_DATA SHOWN_.
_ _ _ _ _ _ _
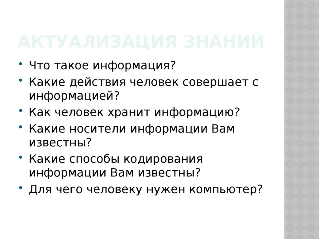 АКТУАЛИЗАЦИЯ ЗНАНИЙЧто такое информация?
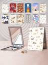 Espejo de maquillaje compacto plegable con diseño floral, ligero y portátil, conveniente para retoques, protección de cuero de calidad, diseño de sobremesa, adecuado para todas las ocasiones y personas, forma cuadrada plegable para un fácil transporte, patrones clásicos de flores, huevos, flores y animales lindos, diseño exquisito y único, estructura plegable duradera para un uso confiable, fácil de sostener y transportar
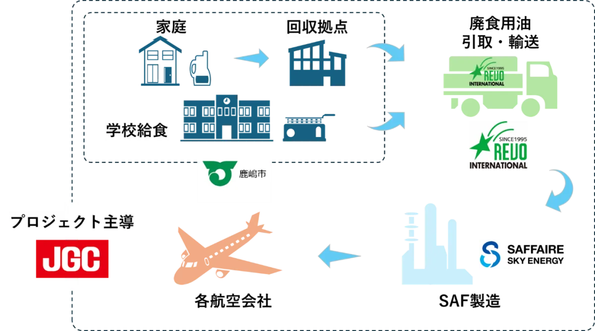 鹿嶋市は、持続可能な航空燃料(SAF)の普及に向けた新しい取り組みとして、日揮ホールディングス株式会社、株式会社レボインターナショナル、および合同会社SAFFAIRE SKY ENERGYとともに連携協定を結びました。この協定は、2025年9月26日に鹿嶋市役所で締結されました。これにより、廃食用油を資源として活用し、SAFの原料としての再利用を推進していきます。
_ _ _ _ _ _ _
Return the listing exactly as it appears, excluding any image.

 АКТУАЛИЗАЦИЯ ЗНАНИЙЧто такое информация?
 Espejo de maquillaje compacto plegable con diseño floral, ligero y portátil, conveniente para retoques, protección de cuero de calidad, diseño de sobremesa, adecuado para todas las ocasiones y personas, forma cuadrada plegable para un fácil transporte, patrones clásicos de flores, huevos, flores y animales lindos, diseño exquisito y único, estructura plegable duradera para un uso confiable, fácil de sostener y transportar
 鹿嶋市は、持続可能な航空燃料(SAF)の普及に向けた新しい取り組みとして、日揮ホールディングス株式会社、株式会社レボインターナショナル、および合同会社SAFFAIRE SKY ENERGYとともに連携協定を結びました。この協定は、2025年9月26日に鹿嶋市役所で締結されました。これにより、廃食用油を資源として活用し、SAFの原料としての再利用を推進していきます。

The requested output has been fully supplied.